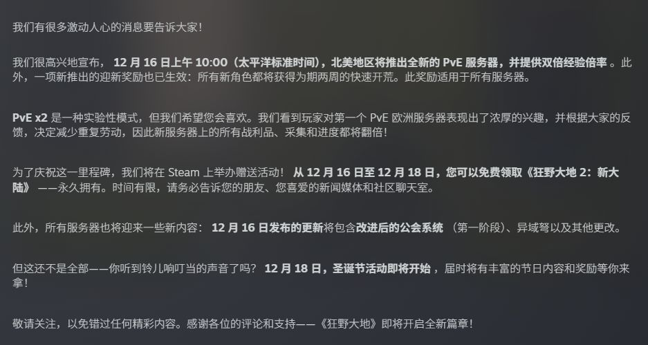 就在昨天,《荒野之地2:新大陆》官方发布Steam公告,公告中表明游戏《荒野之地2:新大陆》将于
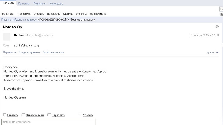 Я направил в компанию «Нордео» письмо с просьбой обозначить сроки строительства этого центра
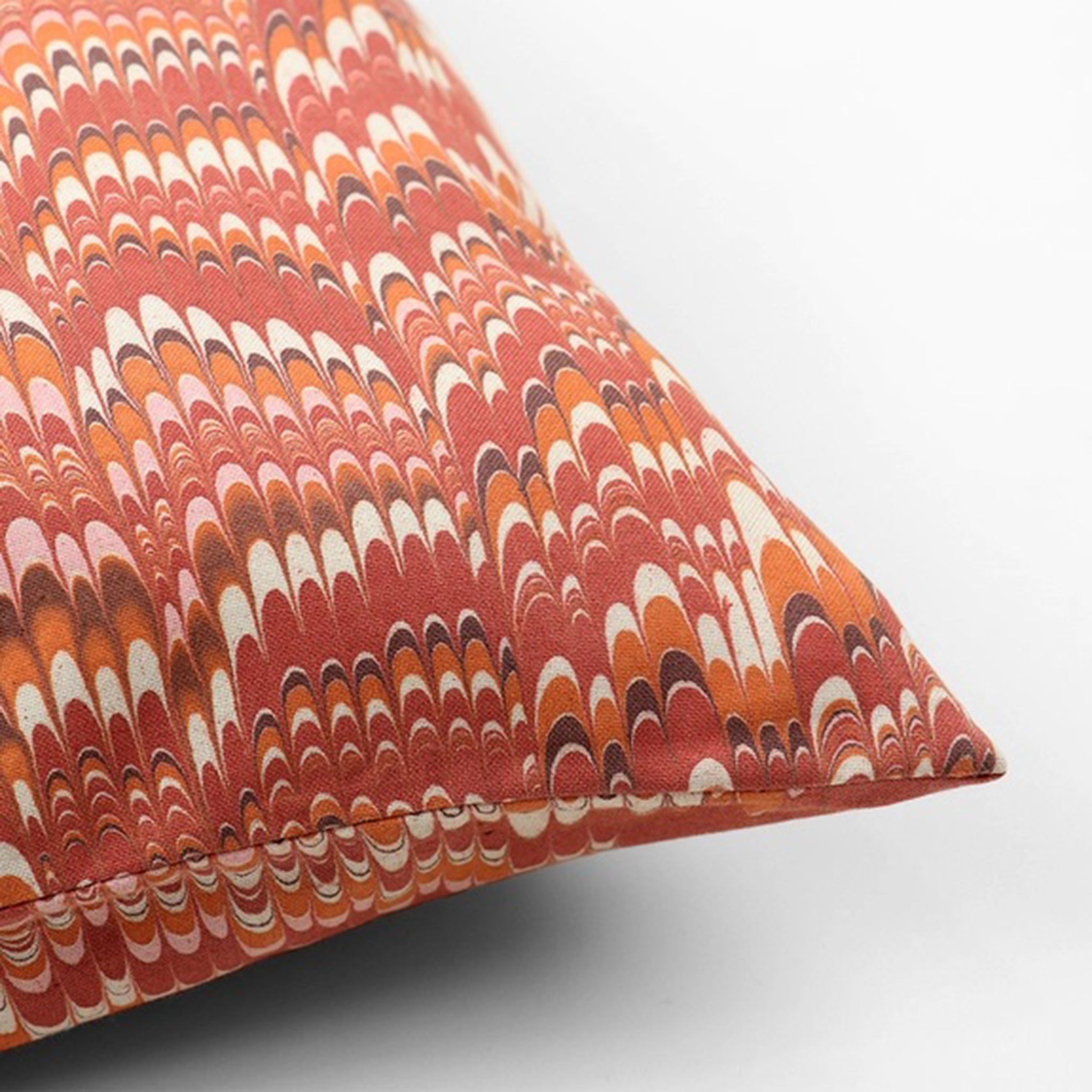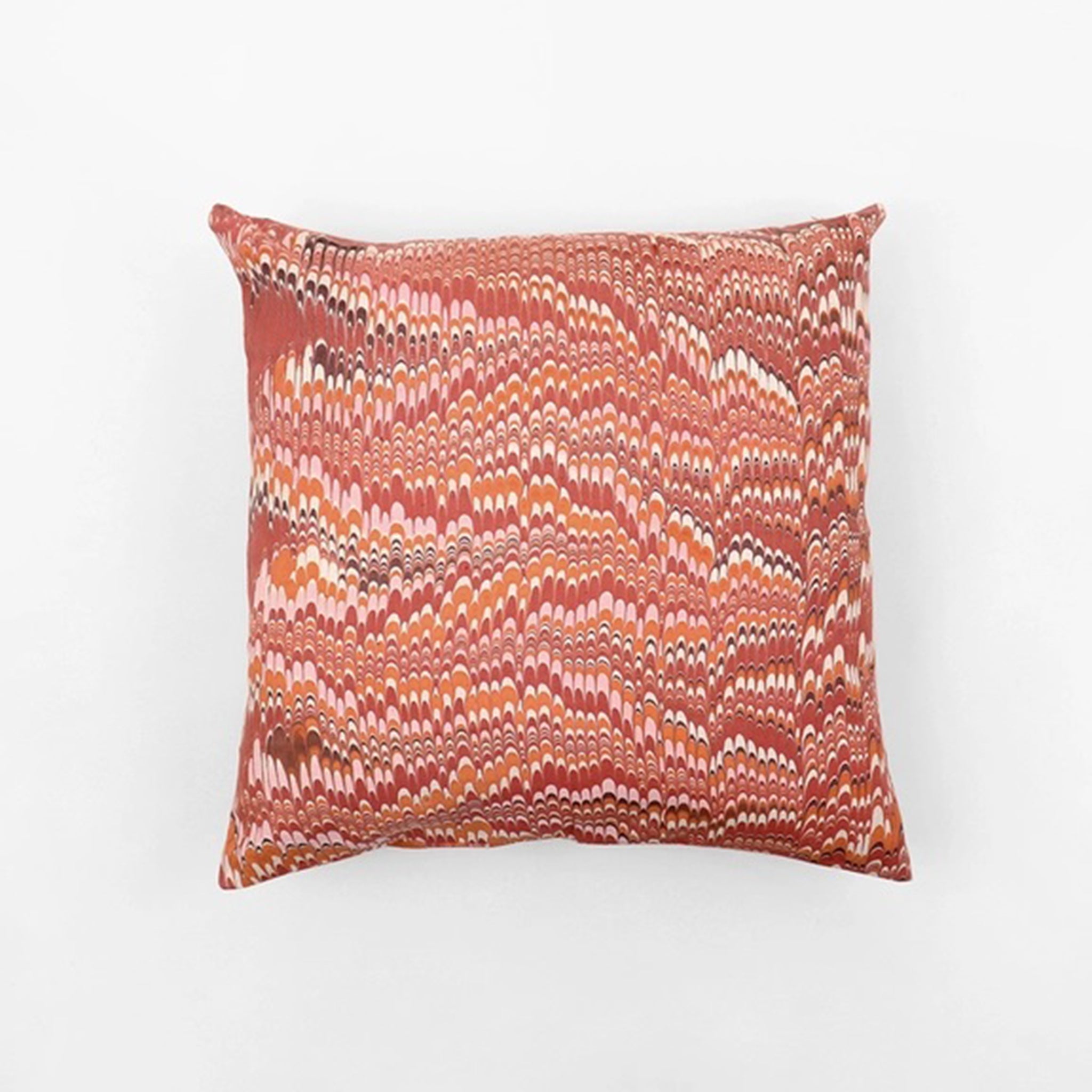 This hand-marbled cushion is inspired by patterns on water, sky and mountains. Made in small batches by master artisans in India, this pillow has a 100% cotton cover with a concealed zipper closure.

==

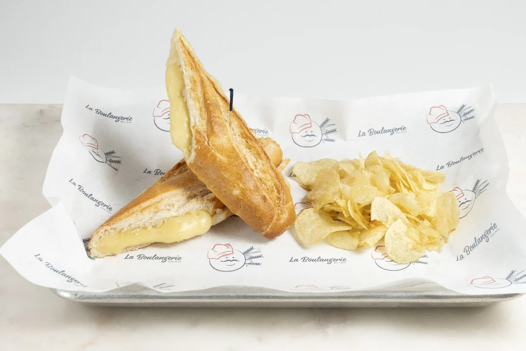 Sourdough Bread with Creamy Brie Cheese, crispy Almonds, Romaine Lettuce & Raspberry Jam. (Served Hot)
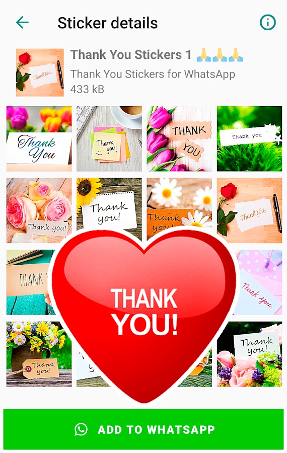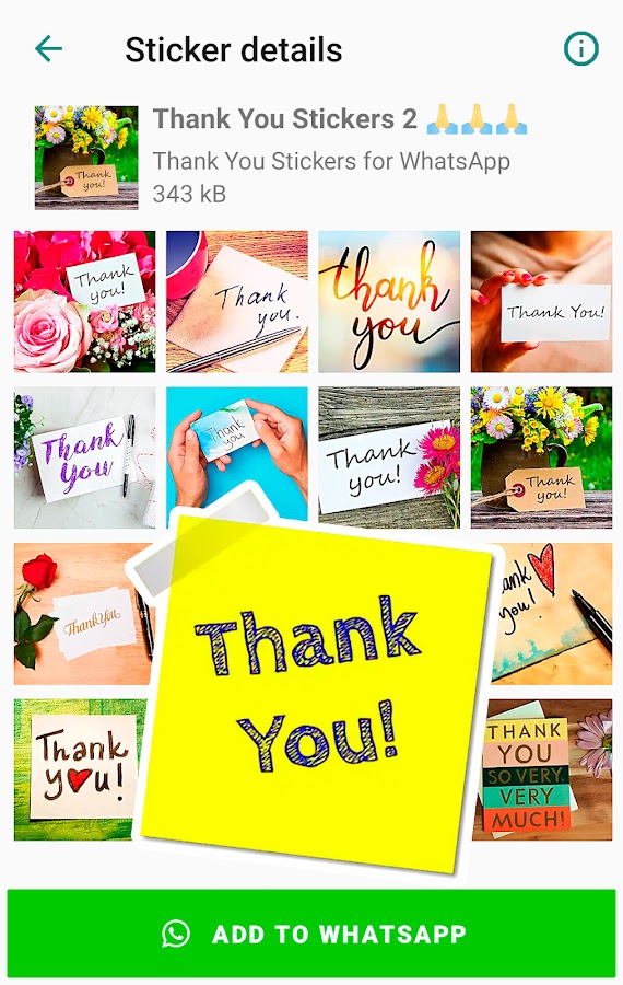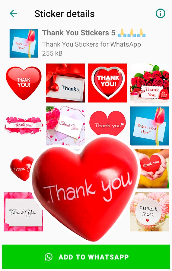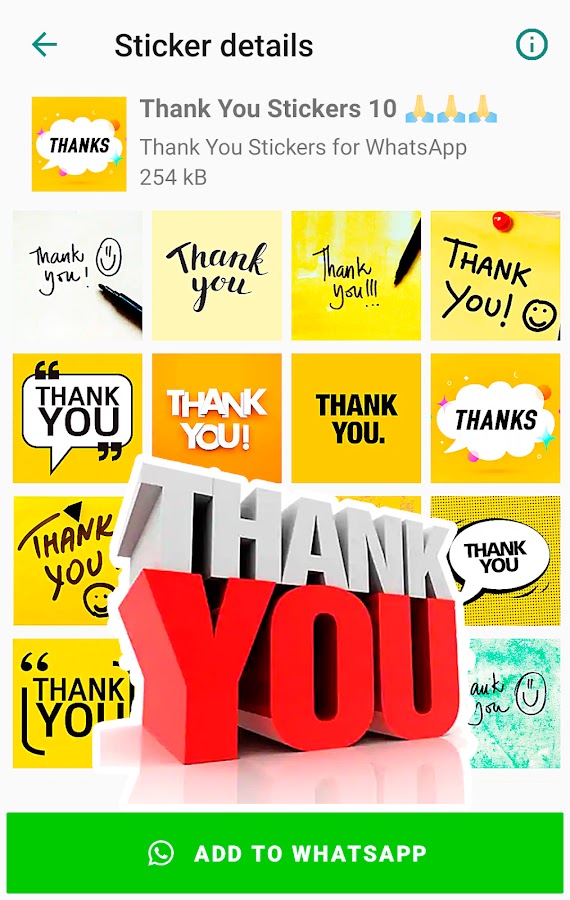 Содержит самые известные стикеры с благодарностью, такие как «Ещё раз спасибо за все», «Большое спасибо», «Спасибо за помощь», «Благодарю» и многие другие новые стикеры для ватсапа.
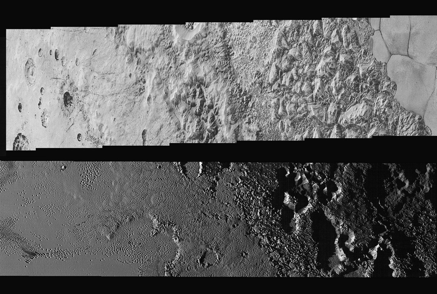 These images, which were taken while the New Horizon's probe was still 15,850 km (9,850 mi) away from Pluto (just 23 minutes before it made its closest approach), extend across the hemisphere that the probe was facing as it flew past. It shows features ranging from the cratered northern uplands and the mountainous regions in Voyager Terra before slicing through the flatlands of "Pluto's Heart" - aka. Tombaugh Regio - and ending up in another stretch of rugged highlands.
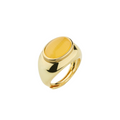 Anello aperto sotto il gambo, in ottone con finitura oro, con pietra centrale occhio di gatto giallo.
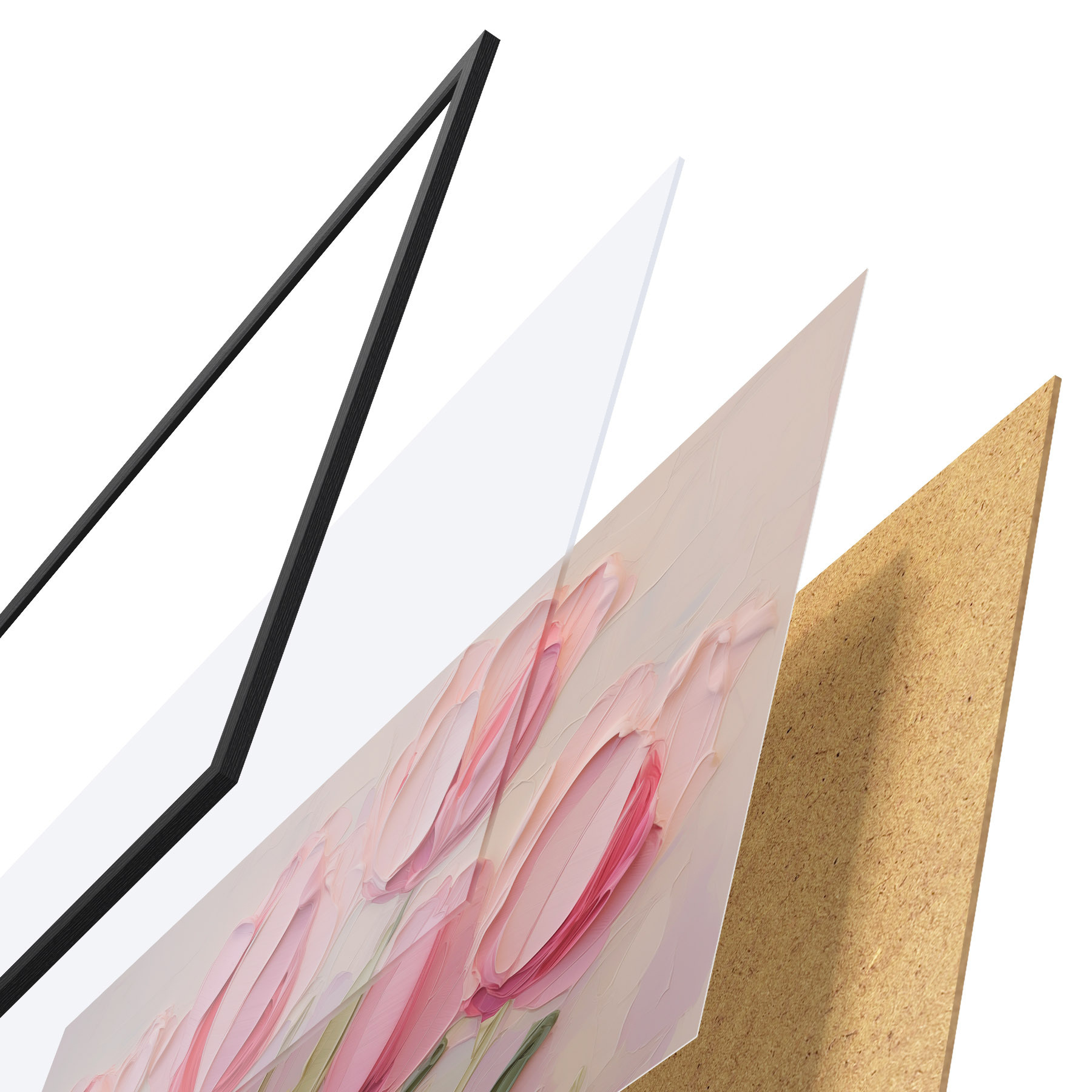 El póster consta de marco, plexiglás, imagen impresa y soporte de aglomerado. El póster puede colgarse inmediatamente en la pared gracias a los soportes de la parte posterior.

### WHAT YOU WILL DO
In the data above, find the line with "Anello aperto sotto" and the line with "El póster consta". Please copy exactly those two lines and every line between them, but not the pictures.

### SOLUTION
 Anello aperto sotto il gambo, in ottone con finitura oro, con pietra centrale occhio di gatto giallo.
 El póster consta de marco, plexiglás, imagen impresa y soporte de aglomerado. El póster puede colgarse inmediatamente en la pared gracias a los soportes de la parte posterior.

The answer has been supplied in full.